Data excerpts:
◆ ◆ ◆ ◆

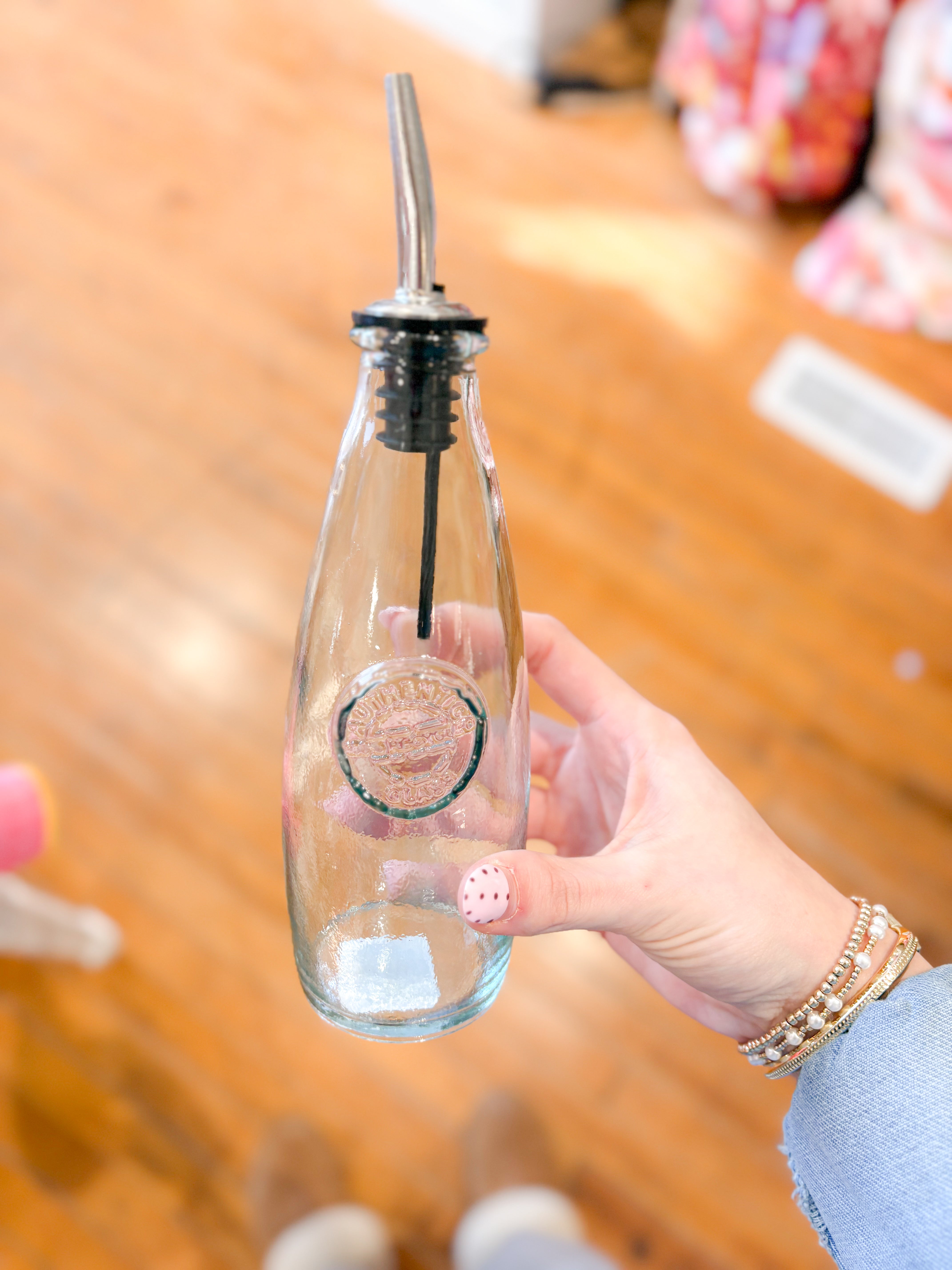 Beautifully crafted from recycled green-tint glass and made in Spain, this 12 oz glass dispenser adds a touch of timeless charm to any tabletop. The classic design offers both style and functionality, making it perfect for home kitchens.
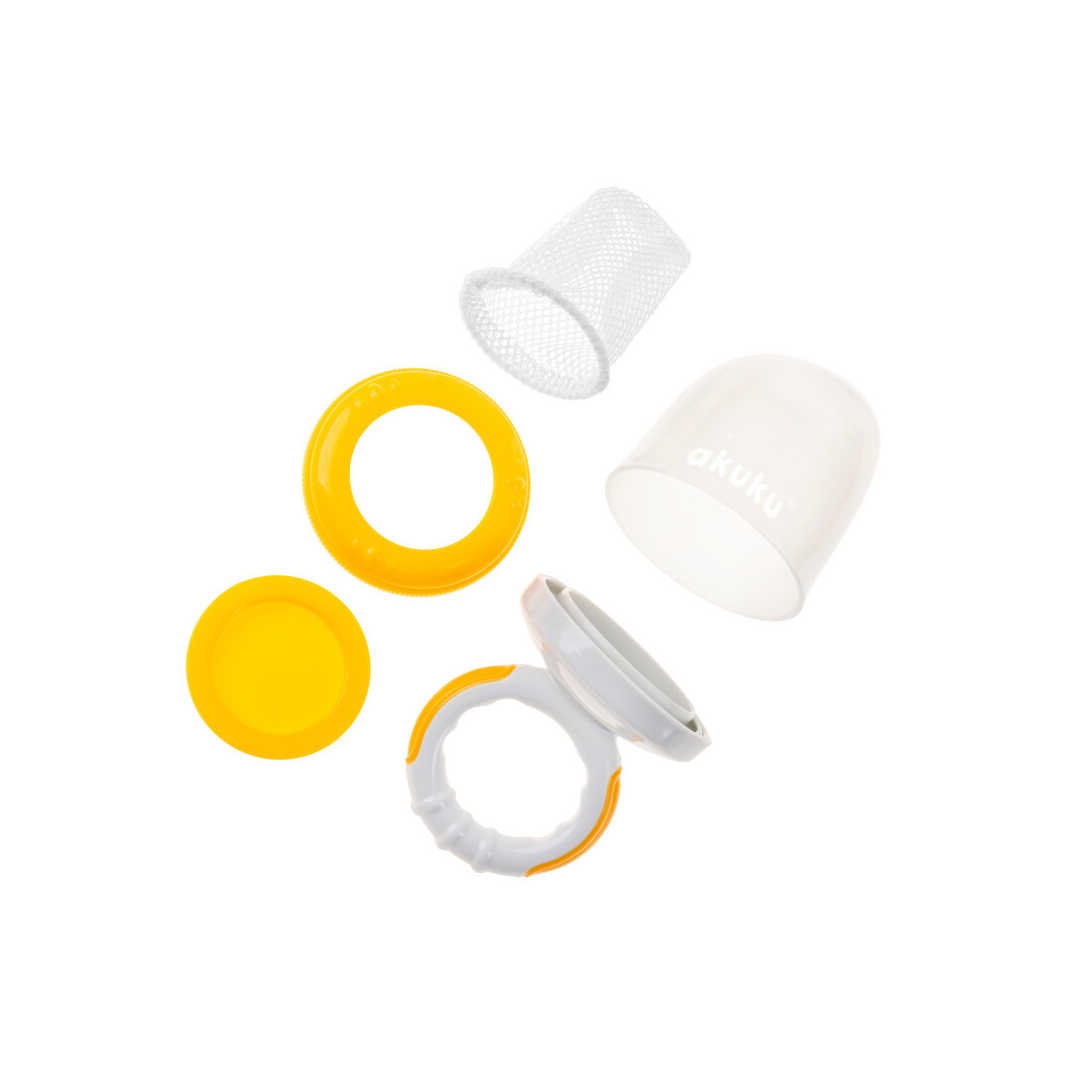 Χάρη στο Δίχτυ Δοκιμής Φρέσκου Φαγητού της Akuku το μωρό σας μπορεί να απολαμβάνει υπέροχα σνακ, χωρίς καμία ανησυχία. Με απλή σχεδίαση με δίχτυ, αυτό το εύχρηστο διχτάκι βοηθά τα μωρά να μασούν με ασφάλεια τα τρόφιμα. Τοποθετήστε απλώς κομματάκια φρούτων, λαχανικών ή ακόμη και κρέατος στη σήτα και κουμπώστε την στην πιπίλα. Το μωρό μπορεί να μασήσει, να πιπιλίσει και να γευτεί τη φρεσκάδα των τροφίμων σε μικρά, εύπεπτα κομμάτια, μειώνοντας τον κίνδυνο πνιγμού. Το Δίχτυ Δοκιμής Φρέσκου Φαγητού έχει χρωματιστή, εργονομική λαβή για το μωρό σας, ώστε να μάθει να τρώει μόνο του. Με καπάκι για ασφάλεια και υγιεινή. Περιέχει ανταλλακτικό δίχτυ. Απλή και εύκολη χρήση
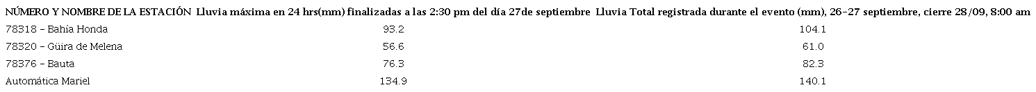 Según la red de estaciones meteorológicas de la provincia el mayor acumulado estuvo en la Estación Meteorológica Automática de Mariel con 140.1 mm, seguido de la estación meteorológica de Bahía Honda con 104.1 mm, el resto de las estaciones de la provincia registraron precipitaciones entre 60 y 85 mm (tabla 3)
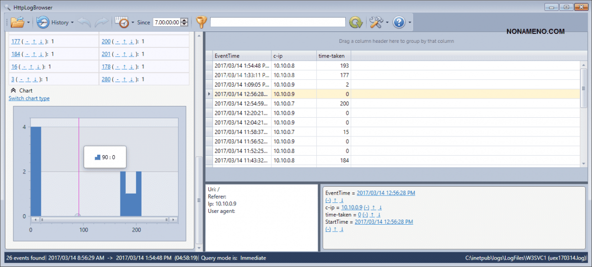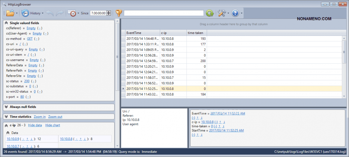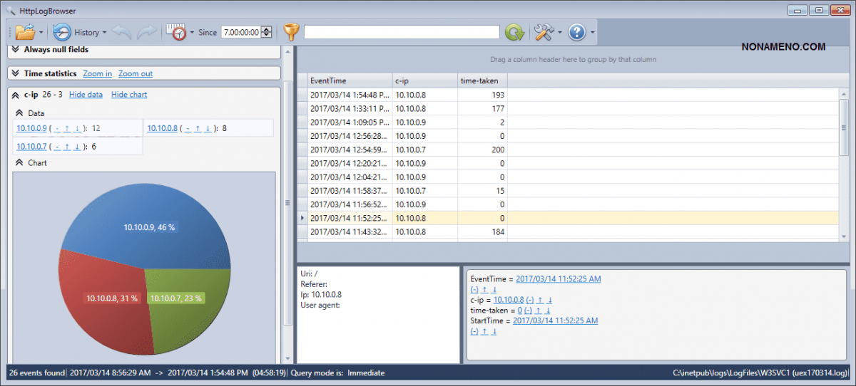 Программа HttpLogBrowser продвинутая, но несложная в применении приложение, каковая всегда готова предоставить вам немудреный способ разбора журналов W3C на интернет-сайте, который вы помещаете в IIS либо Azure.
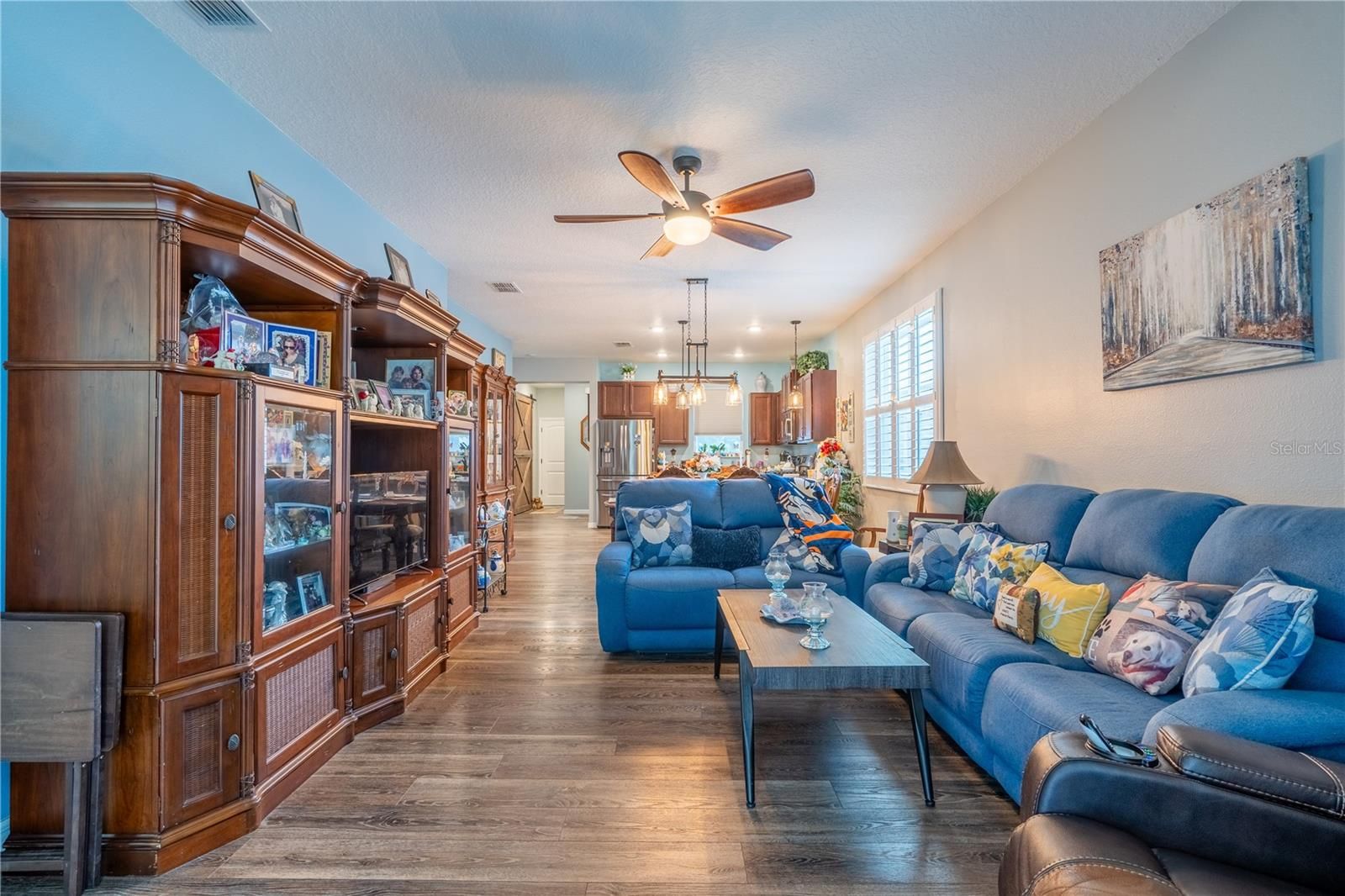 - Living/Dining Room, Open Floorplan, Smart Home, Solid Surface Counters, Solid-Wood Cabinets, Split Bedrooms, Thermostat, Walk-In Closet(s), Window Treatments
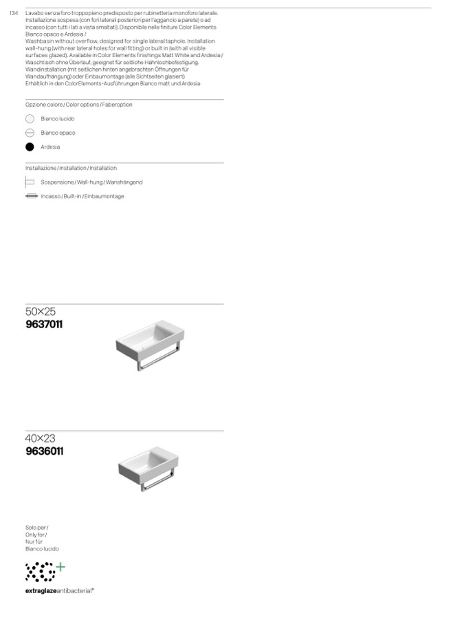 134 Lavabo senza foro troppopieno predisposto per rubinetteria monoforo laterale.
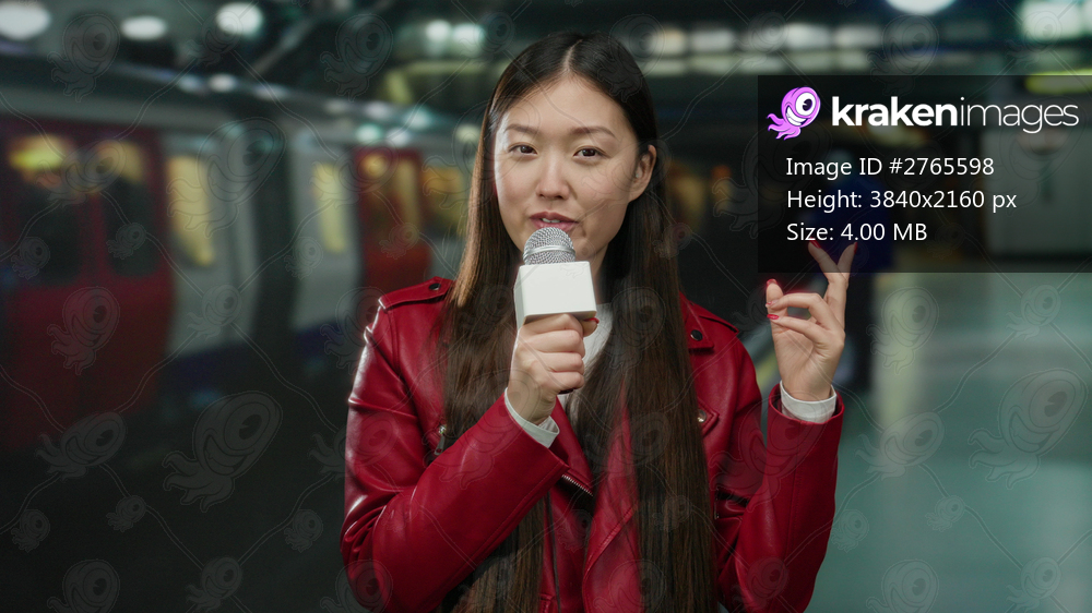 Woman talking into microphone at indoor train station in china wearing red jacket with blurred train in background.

◆ ◆ ◆ ◆

Problem description: Pictures aside, print exactly the lines above starting with the one containing "Χάρη στο Δίχτυ" and going on through the one containing "- Living/Dining Room, Open".

Output for this exercise:
 Χάρη στο Δίχτυ Δοκιμής Φρέσκου Φαγητού της Akuku το μωρό σας μπορεί να απολαμβάνει υπέροχα σνακ, χωρίς καμία ανησυχία. Με απλή σχεδίαση με δίχτυ, αυτό το εύχρηστο διχτάκι βοηθά τα μωρά να μασούν με ασφάλεια τα τρόφιμα. Τοποθετήστε απλώς κομματάκια φρούτων, λαχανικών ή ακόμη και κρέατος στη σήτα και κουμπώστε την στην πιπίλα. Το μωρό μπορεί να μασήσει, να πιπιλίσει και να γευτεί τη φρεσκάδα των τροφίμων σε μικρά, εύπεπτα κομμάτια, μειώνοντας τον κίνδυνο πνιγμού. Το Δίχτυ Δοκιμής Φρέσκου Φαγητού έχει χρωματιστή, εργονομική λαβή για το μωρό σας, ώστε να μάθει να τρώει μόνο του. Με καπάκι για ασφάλεια και υγιεινή. Περιέχει ανταλλακτικό δίχτυ. Απλή και εύκολη χρήση
 Según la red de estaciones meteorológicas de la provincia el mayor acumulado estuvo en la Estación Meteorológica Automática de Mariel con 140.1 mm, seguido de la estación meteorológica de Bahía Honda con 104.1 mm, el resto de las estaciones de la provincia registraron precipitaciones entre 60 y 85 mm (tabla 3)
 Программа HttpLogBrowser продвинутая, но несложная в применении приложение, каковая всегда готова предоставить вам немудреный способ разбора журналов W3C на интернет-сайте, который вы помещаете в IIS либо Azure.
 - Living/Dining Room, Open Floorplan, Smart Home, Solid Surface Counters, Solid-Wood Cabinets, Split Bedrooms, Thermostat, Walk-In Closet(s), Window Treatments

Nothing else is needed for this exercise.